W3C home > Mailing lists > Public > public-tracking@w3.org > June 2012

Updated Proposal - Outline in preparation for presentation in Seattle

From: Shane Wiley <wileys@yahoo-inc.com>
Date: Mon, 11 Jun 2012 19:25:41 -0700
To: "public-tracking@w3.org" <public-tracking@w3.org>
Message-ID: <63294A1959410048A33AEE161379C8023D18786247@SP2-EX07VS02.ds.corp.yahoo.com>
Hello TPWG,

Due to "recent activities" I'm a bit behind on providing the final presentation for our updated proposal in preparation for Seattle.  We'll be reviewing this in more detail in Seattle but I wanted to share some of the initial elements up-front so we have time as a working group to begin discussion and consider perspectives leading up to the meeting.

------

Goal:  Evolve DC proposal to bridge the divide with the advocate proposal and set a final recommendation for these elements


         Definition of First Party

o   Advocate Position:  Common Branding

o   Industry Position:  Affiliate

o   Concession Proposal:  Affiliate with "easy discoverability" ("Affiliate List" within one click from each page or owner clearly identified within one click from each page.  For example, a link in the privacy policy would meet this requirement.)


         Permitted Uses

o   Advocate Position:  Unlinkable Data w/ arbitrary "grace period"
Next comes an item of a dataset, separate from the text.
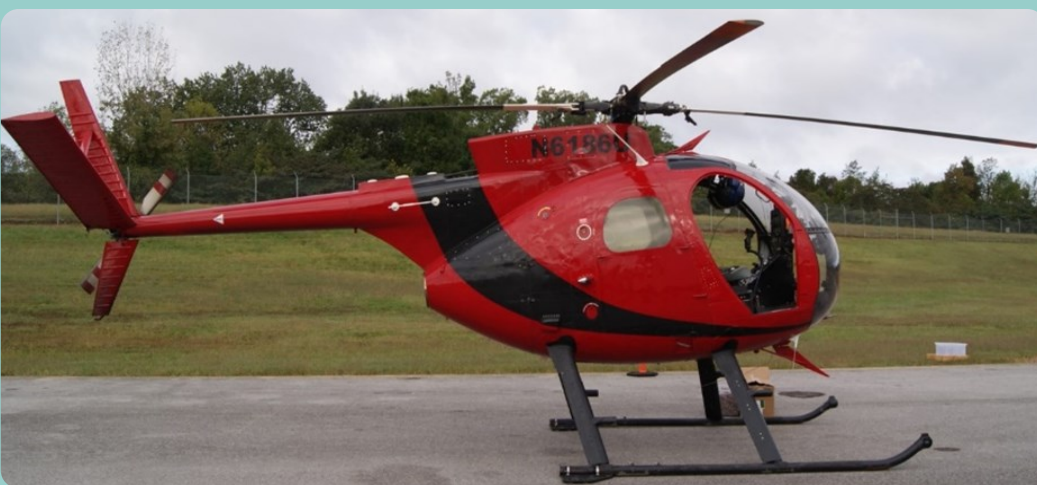
One of the USDA-owned helicopters used for feral swine control in Tennessee

Officials with WS report that 2,678 feral hogs were successfully removed from Tennessee’s landscape in fiscal year (FY) 2019 (3,209 in FY 2018). Since the beginning of FY 2020, when WS began to focus on the removal of the upstart hog population in Jackson County, with a particular focus on the swine population around Cordell Hull Lake, there have already been 77 hogs eliminated county-wide and 27 removed from USACE property (2,674 state-wide).

o   Industry Position:  Enumerated uses, broadly scoped, general data minimization

o   Concession Proposal:  Tightened up permitted uses, narrowly and strictly scoped, data minimization focus with required transparency, reasonable safeguards, defined unlinkable (highlighting this moves resulting data outside of scope)



         For All Permitted Uses

o   What won't occur:  Outside of Security, all other permitted uses will not allow for altering a specific user's online experience (no profiling, no further alteration to the user experience base on profiled information)

o   Data Minimization:  Each organization engaging in Permitted Uses and claiming W3C DNT compliance, must provide public transparency of their data retention period (may enumerate each individually if they vary across Permitted Uses)

o   Reasonable Safeguards:  Reasonable technical and organizational safeguards to prevent further processing:  collection limitations, data siloing, authorization restrictions, k-anonymity, unlinkability, retention time, anonymization, pseudonymization, and/or data encryption.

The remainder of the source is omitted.